What the task requires:
Transcribe exactly the lines below that begin at the line with "Большие книги о" and stop after the line with "Je crée pour", leaving out every picture.

Given records:
=-=-=

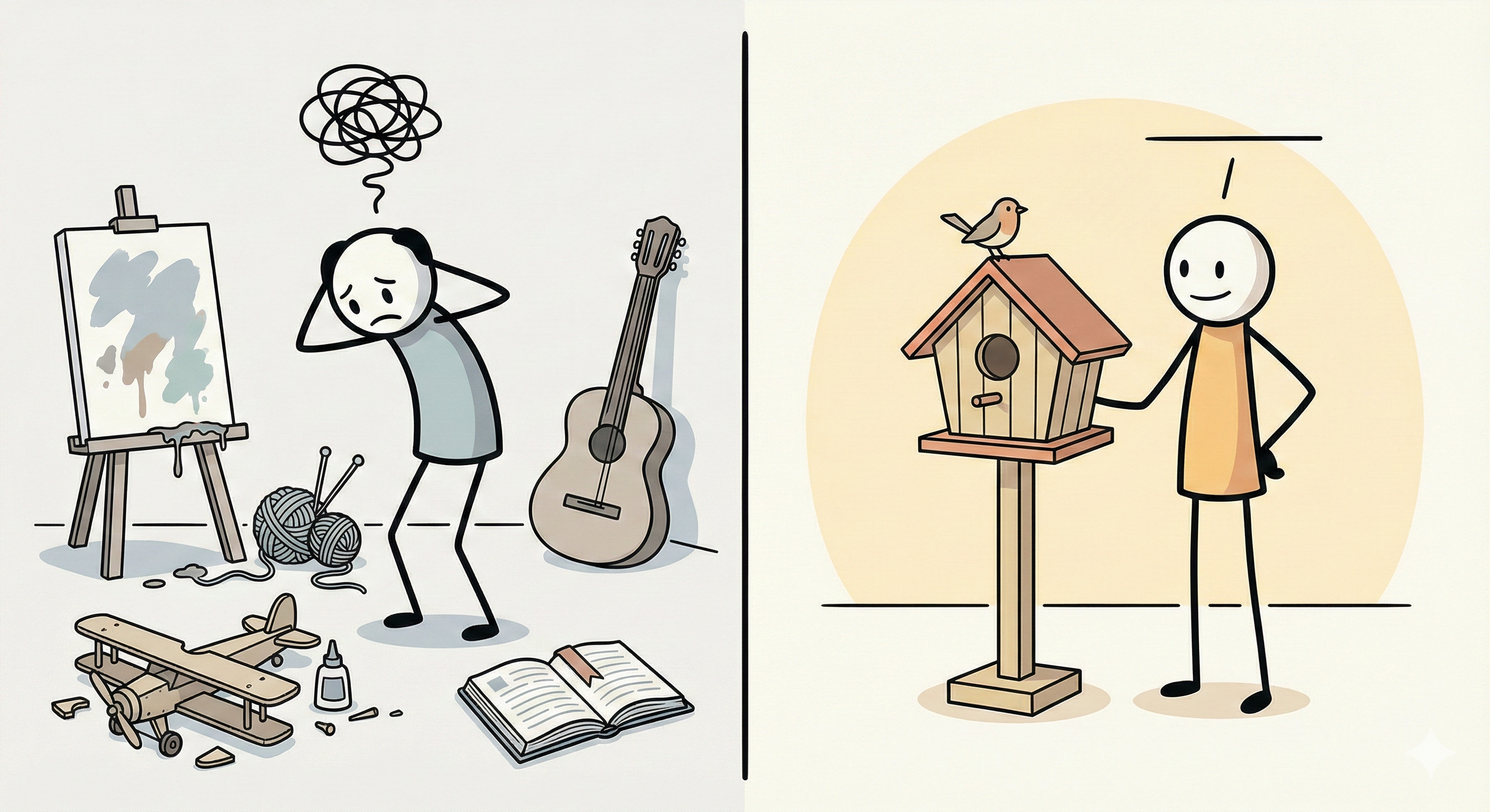 The guitar sits in the corner. The domain you bought expires. The notebook stays blank.
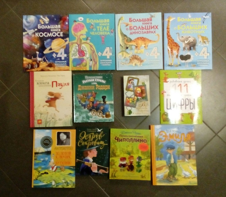 Большие книги о космосе, теле человека, больших динозаврах и больших животных.
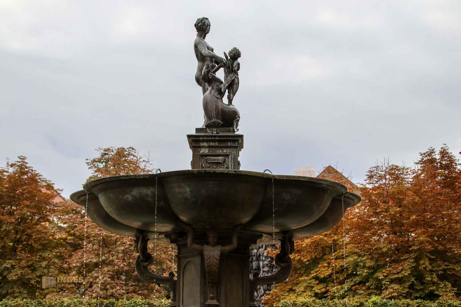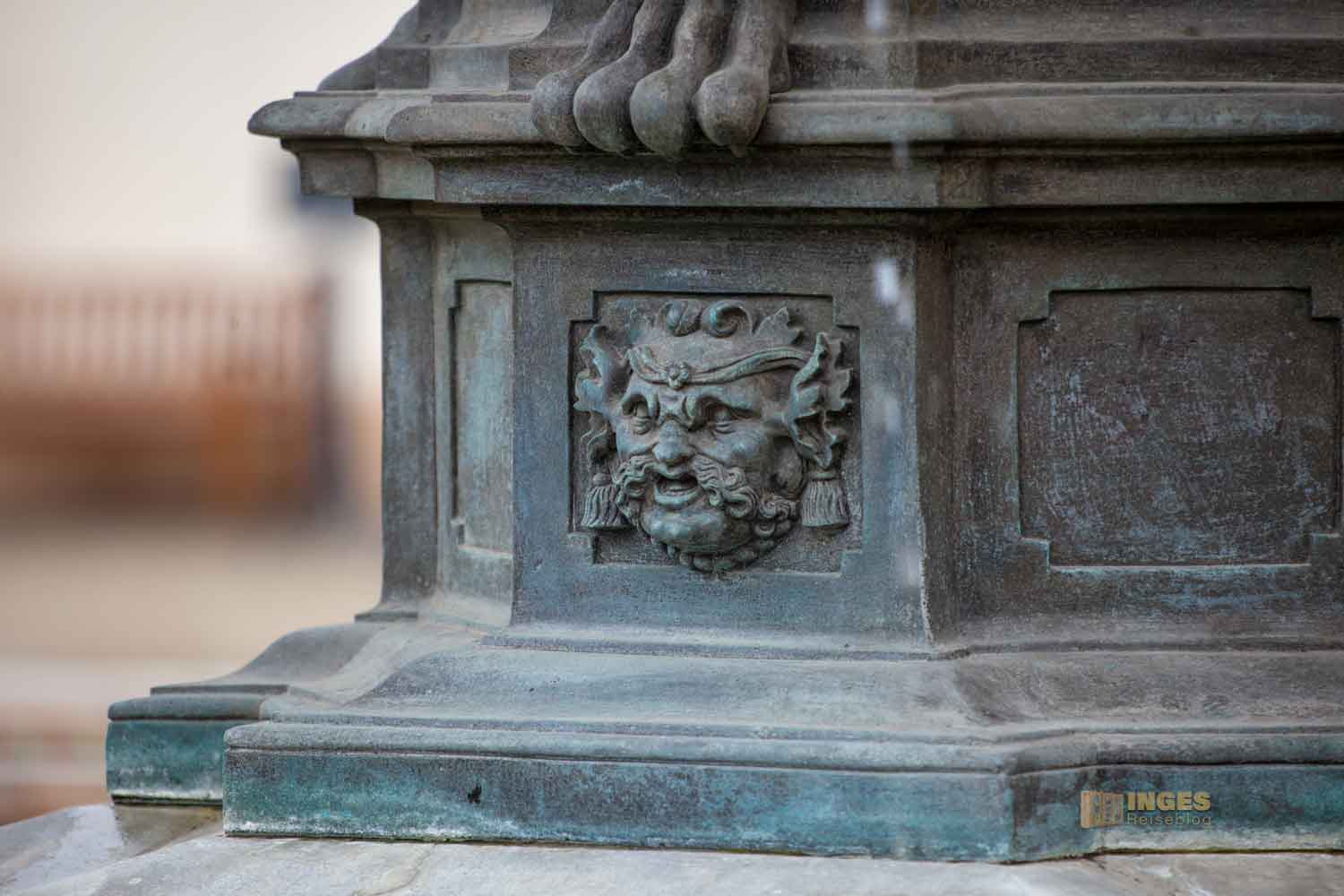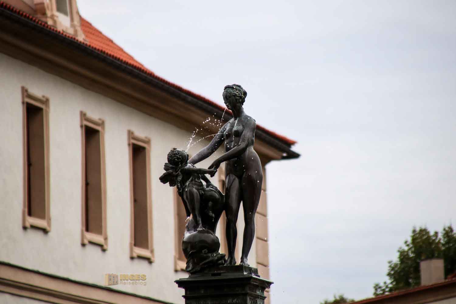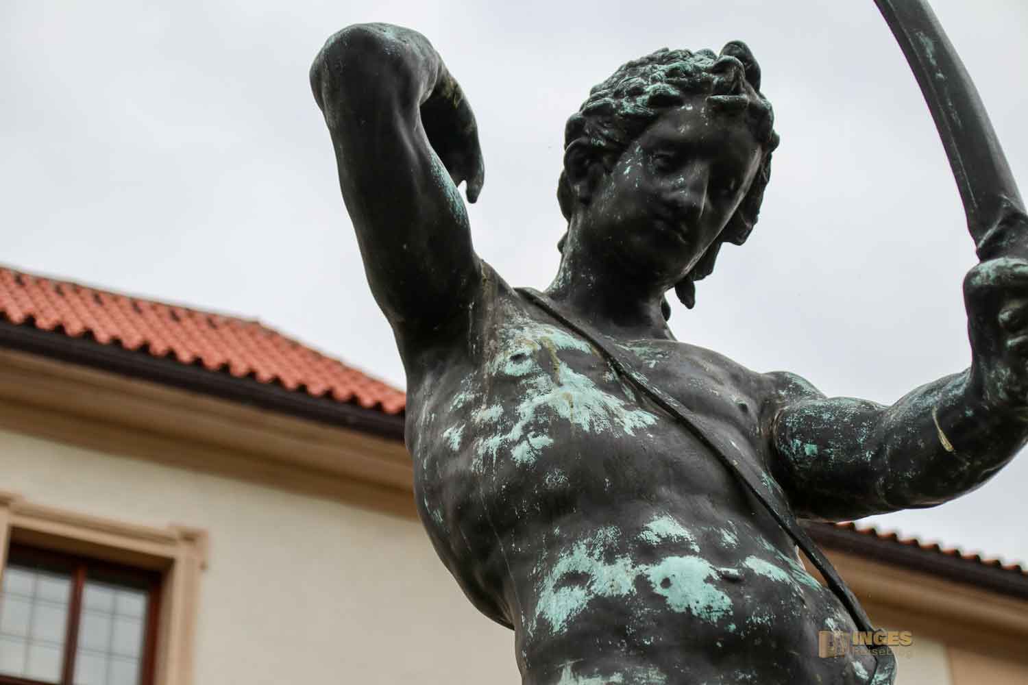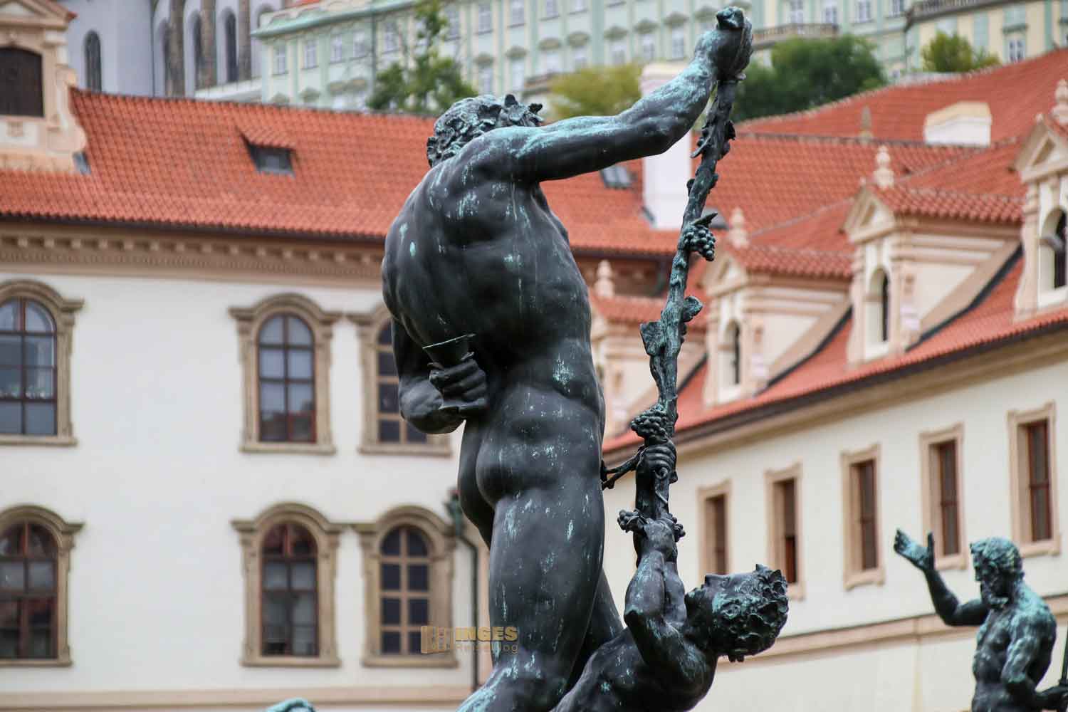 1599 bekam die römische Göttin der Liebe mit ihrem Sohn Amor auf dem Brunnen ihren Platz. Den musste sie zwangsweise aber 1648 räumen, denn die Schweden verbrachten sie als Kriegsbeute nach Schweden. Also das gleiche Schicksal, das den anderen Göttern auch widerfahren ist. Anders als bei den anderen Statuen, die sind im Original immer noch in Schweden, durfte sie im Original 1890 wieder nach Böhmen zurück und hat ihren Platz in der Gemäldegalerie auf der Prager Burg gefunden. Die Statue von heute ist eine Nachbildung. Bei ihr in luftiger Höhe ist ein Delphin, der in der Antike das Symbol für Liebe darstellt. Wenn ihr noch mehr über die schöne Göttin lesen möchtet, dann klickt HIER.
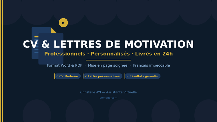 Je crée pour vous un CV moderne et une lettre de motivation personnalisée qui attirent l'attention des recruteurs.
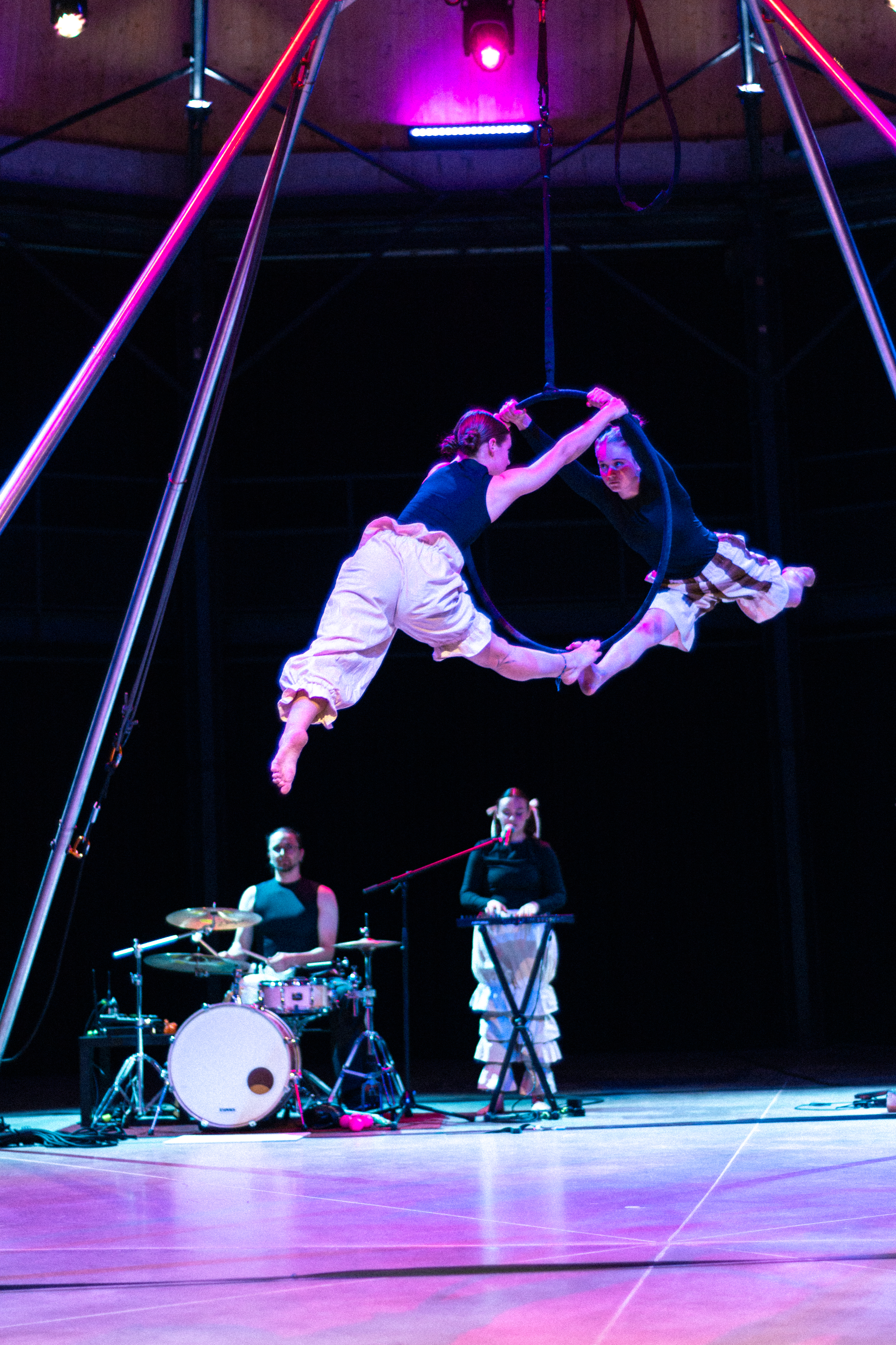 Laikmetīgā cirka izrāde “Aizbēgt līdzi cirkam” stāsta par cilvēkiem, kuri tiešām ir aizbēguši līdzi cirkam. Seši jaunie mākslinieki, skatoties cirka pagātnē un daloties savā pieredzē, ir pētījuši, kāpēc šodien vēl joprojām vilina šī pasaule? Cirks nav tikai smiekli un triki — tā ir vieta, kur mācīties būt kopā, uzticēties un noticēt sev. Tas ir stāsts par piederību un drosmi būt citādam. Izrāde ieved skatītājus gan cirka krāsainajā priekškarā, gan neredzamajā pusē, kur neatlaidība un uzdrīkstēšanās ir ik uz soļa.

=-=-=

Final answer:
 Большие книги о космосе, теле человека, больших динозаврах и больших животных.
 1599 bekam die römische Göttin der Liebe mit ihrem Sohn Amor auf dem Brunnen ihren Platz. Den musste sie zwangsweise aber 1648 räumen, denn die Schweden verbrachten sie als Kriegsbeute nach Schweden. Also das gleiche Schicksal, das den anderen Göttern auch widerfahren ist. Anders als bei den anderen Statuen, die sind im Original immer noch in Schweden, durfte sie im Original 1890 wieder nach Böhmen zurück und hat ihren Platz in der Gemäldegalerie auf der Prager Burg gefunden. Die Statue von heute ist eine Nachbildung. Bei ihr in luftiger Höhe ist ein Delphin, der in der Antike das Symbol für Liebe darstellt. Wenn ihr noch mehr über die schöne Göttin lesen möchtet, dann klickt HIER.
 Je crée pour vous un CV moderne et une lettre de motivation personnalisée qui attirent l'attention des recruteurs.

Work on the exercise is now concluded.